Si parla di «esami ormonali» e di «parametri stabiliti dalla Federvolley» necessari per l'iscrizione al campionato femminile. Ci spieghi.

«Per la legge italiana sono donna. Sul piano sportivo gli esiti riferiti ai livelli di testosterone nel sangue rientrano ampiamente negli standard previsti dalla Federazione Pallavolo».

Facciamo un passo indietro. Quando era Nicholas quali problemi ha avuto?

«Pochi. Mi ritengo fortunata. Certo, di ignoranti ne ho incontrati. Ma ho sempre cercato di convincerli a capire il mio mondo attraverso la forza del dialogo».

E ce l'ha fatta?

«È stata una grande vittoria: non ho mai risposto alle offese chiudendomi in me stessa o, peggio, deprimendomi. Ero felice, soddisfatta e questo ha finito con lo smontare i detrattori, alcuni dei quali sono diventati amici».

Lo sport ha contribuito a questo processo virtuoso?

«Moltissimo.

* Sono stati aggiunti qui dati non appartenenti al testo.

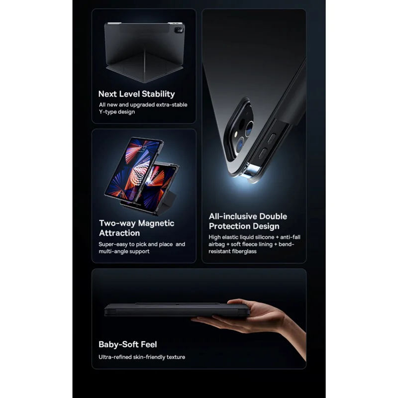ویژگی اصلی این کاور، مغناطیسی بودن آن است که امکان نصب و جدا کردن آیپد از کاور را با یک حرکت ساده و بدون نیاز به دکمهها فراهم میکند. این ویژگی از نقطه نظر کاربری، امکان استفاده آسان از دستگاه را افزایش میدهد و به کاربران اجازه میدهد تا به سرعت و بهراحتی به تنهایی آیپد را از کاور خارج کرده یا آن را به کاور متصل کنند.
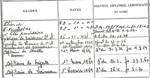 1er septembre 1945.  Lieutenant de vaisseau le 10 juillet
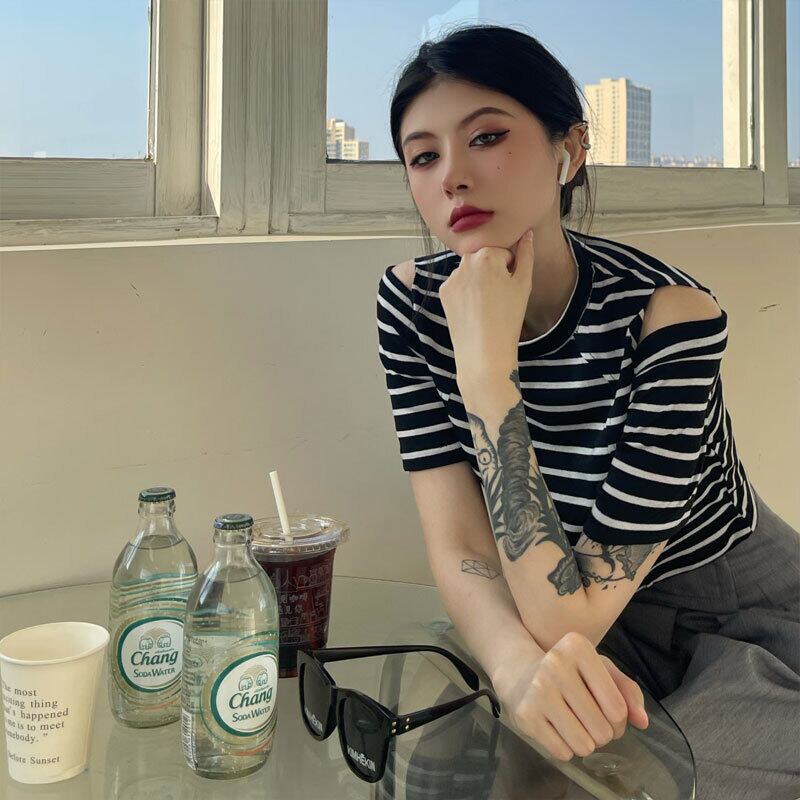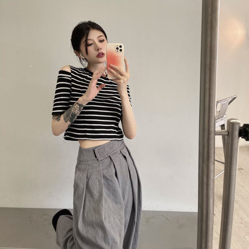 夏服韓国ファッショントレンドスタンダードスタイルストラップレスショートTシャツトップス レディース レトロ ストリート 夏物 ボーイズ Studios41620837014 | pLegLad Studios
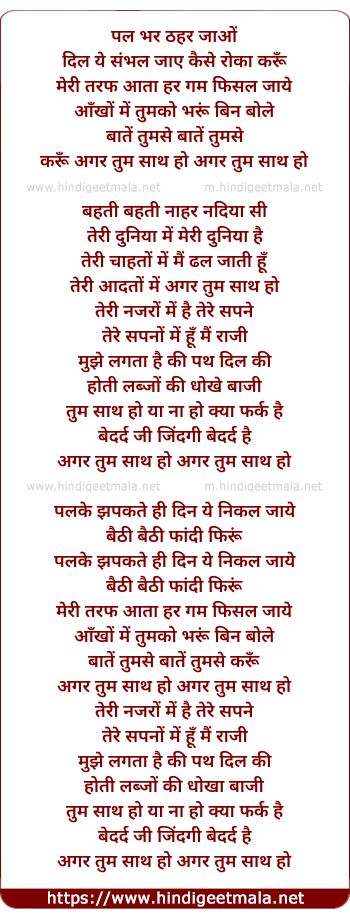 Lyrics of Agar Tum Saath Ho - अगर तुम साथ हो
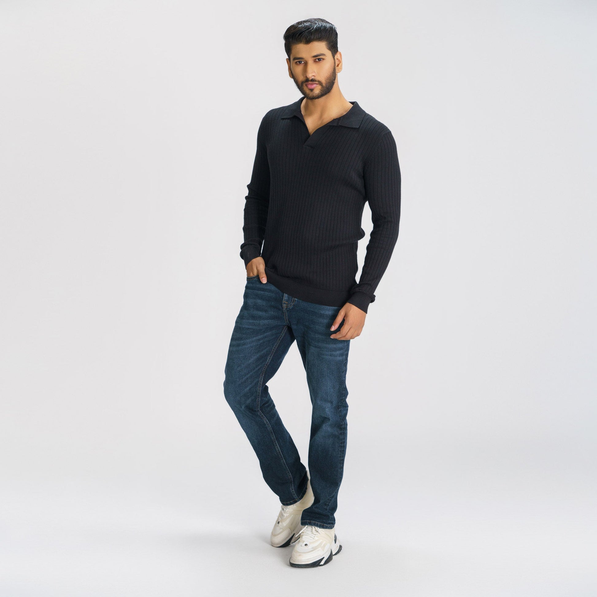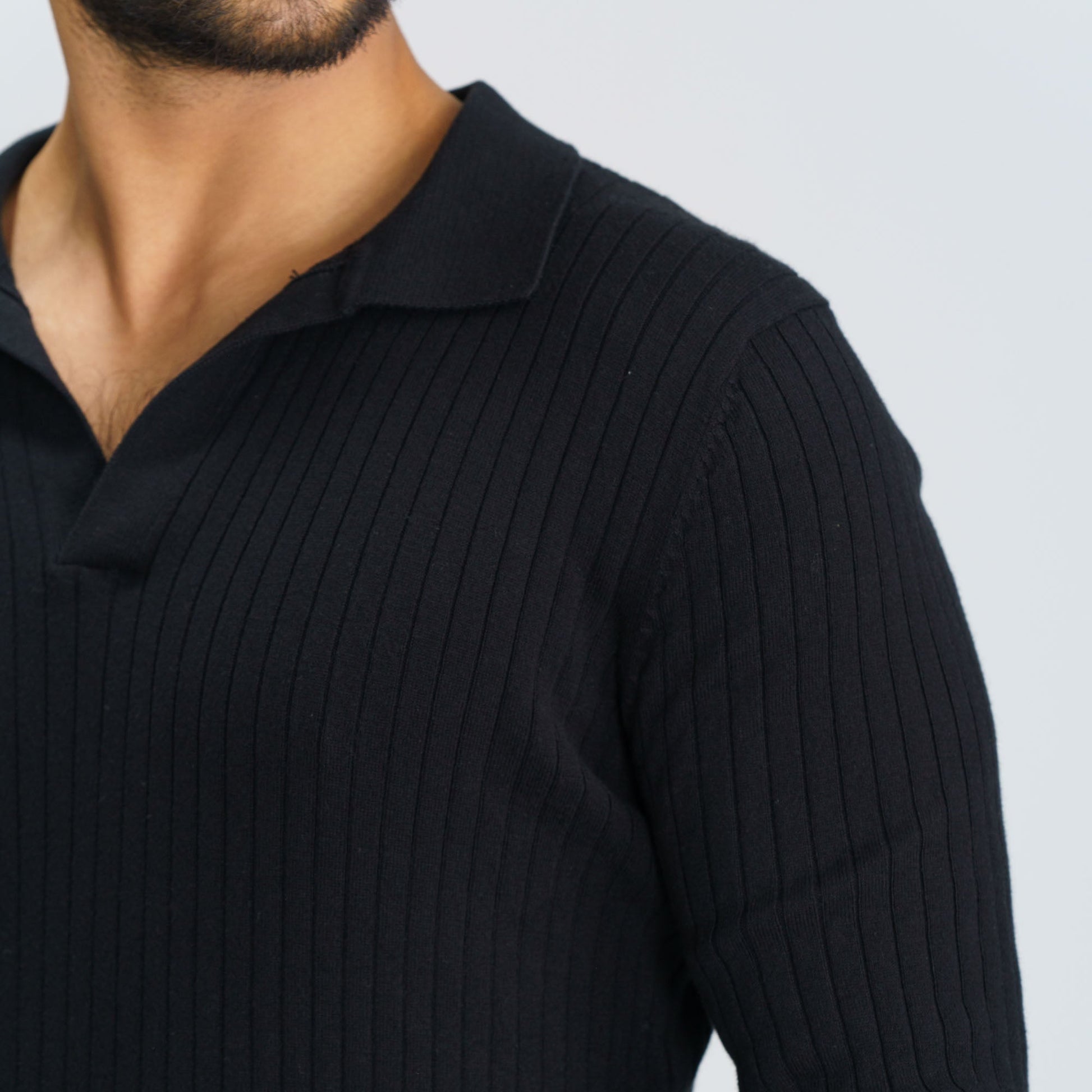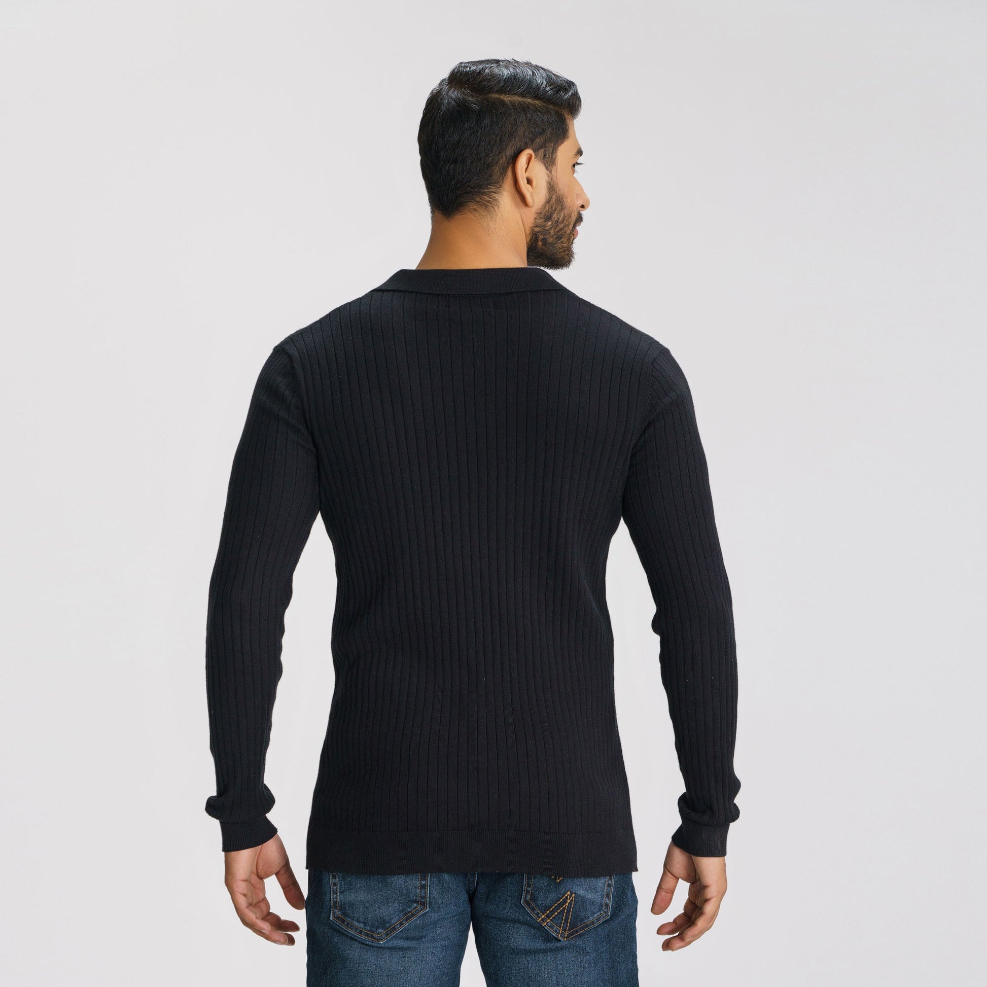 This men’s black textured polo sweater combines classic style with cozy comfort. Crafted from a high-quality cotton-nylon blend, it offers a soft feel and a durable finish. Designed with no front fastening for a clean look, this regular-fit sweater is perfect for both casual and semi-formal occasions.
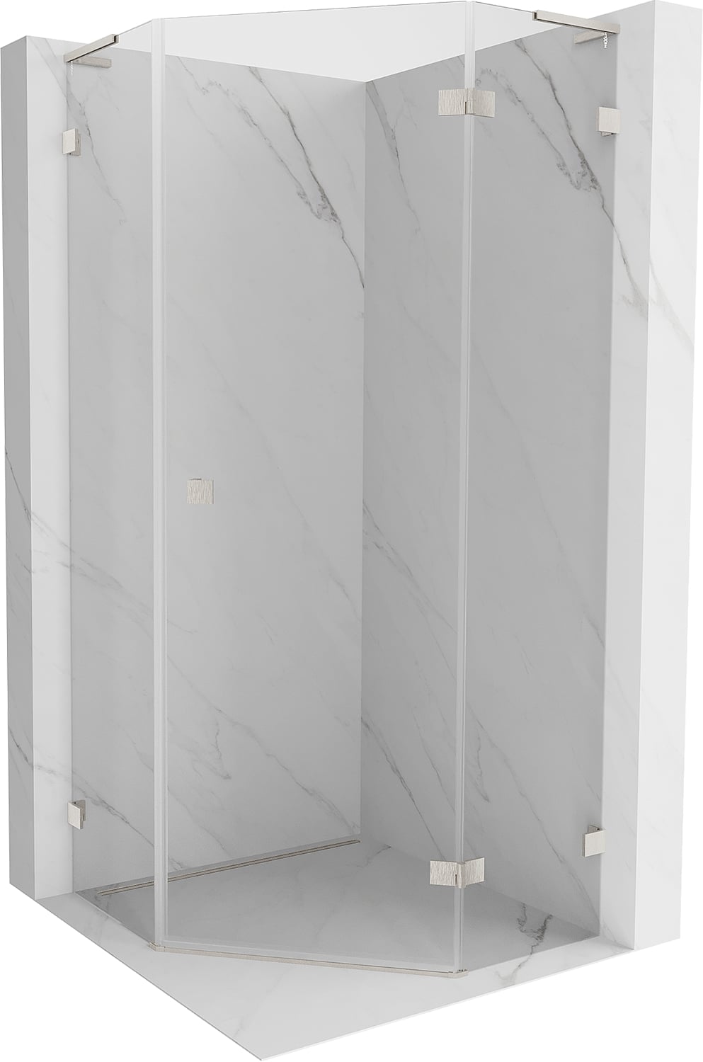 Mexen Lunar L vijfhoekige douchecabine scharnierend rechts 80 x 80 cm, transparant, geborsteld nikkel - 831L-080P-080L-97-00-P
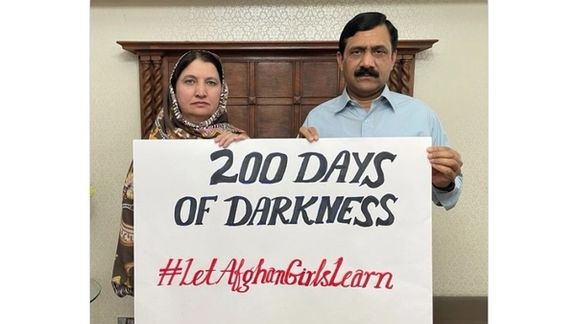 والدین ملاله یوسفزی، برنده جایزه صلح نوبل از تداوم ممنوعیت تحصیل دختران در افغانستان توسط طالبان انتقاد کردند. آنان با انتشار عکسی گفتهاند ۲۰۰ روز تعطیلی مکاتب دخترانه، ۲۰۰ روز تاریکی است. ضیاءالدین یوسفزی، پدر ملاله به طالبان گفته "بگذارید نور بتابد، تحصیل یک حق بشری است."
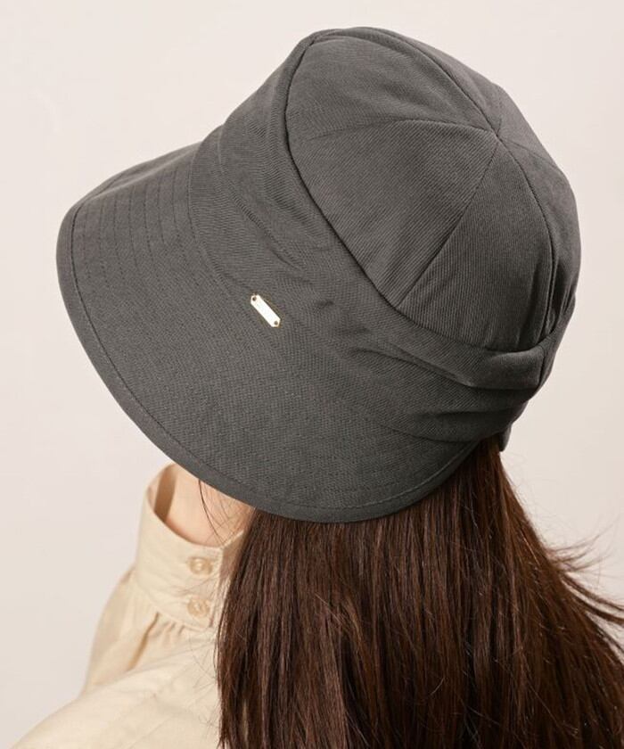 ・上品な極細コーデュロイ生地。後ろはスリットになっていて被りやすく、ゴールドのプレートがおしゃれ。

Ho trovato in ogni società dove ho giocato e soprattutto in quella attuale, il San Nicolò (Piacenza), dirigenti, compagni di squadra e tifosi sensibili. Rispettosi della mia identità».

C'è chi pensa che le giocatrici transgender vogliano partecipare ai campionati femminili perché sanno che, in quanto ex uomini, possono contare su performance superiori a quelle delle colleghe femmine.

«È una grande sciocchezza».

Perché?

«Le cure ormonali che una transgender è tenuta a seguire per tutta la vita non la trasformano in Wonder Woman o in Superman, anzi per certi versi la indeboliscono».

La sua vicenda viene accostata a quella della giocatrice di volley brasiliana Tifanny Abreu che ha giocato per vari anni anche in Italia nel campionato femminile di serie A. È un paragone che regge?

«No. Essenzialmente per due ragioni. Primo: Tifanny ha un curriculum sportivo internazionale che certo io non ho; secondo: Abreu ha iniziato il suo percorso di transizione di genere ben dopo il periodo adolescenziale, potendo contare su una struttura fisica già ben consolidata. Del resto, basta guardarla per rendersi conto della sua potenza muscolare che sprigiona forza da ogni poro».

Il suo, invece, è un corpo filiforme.

«Questo dipende dal fatto che la mia cura ormonale è iniziata già in età post puberale. È una differenza sostanziale che ha avuto conseguenze negli anni successivi e che continuerà ad averne in futuro».

In che rapporti è con i suoi genitori?

«Stupendi. In passato il dialogo è stato difficile, ma non si è mai arrivati alla rottura. Ci siamo sempre voluti bene e rispettati a vicenda».

Il volley è stato il «ponte» che l'ha tenuta collegata agli affetti familiari.

«Da ragazzino mi ha consentito di rompere il cordone ombelicale che mi teneva legato a casa, aiutandomi a essere indipendente e ad affrontare la transizione di genere. Ora che, da donna, ho raggiunto maturità e consapevolezza, lo stesso sport mi ha riavvicinato ai genitori in clima di perfetta comprensione reciproca».

Eleonora è stata sempre dentro di sé, anche quando per la burocrazia si chiamava Nicholas.

«Non rinnego nulla di Nicholas. Ma il presente è quello di Eleonora».

Cosa farà quando smetterà col volley?

«Amo l'astrofisica».

Confida in una buona stella?

«La stessa che mi ha protetto finora».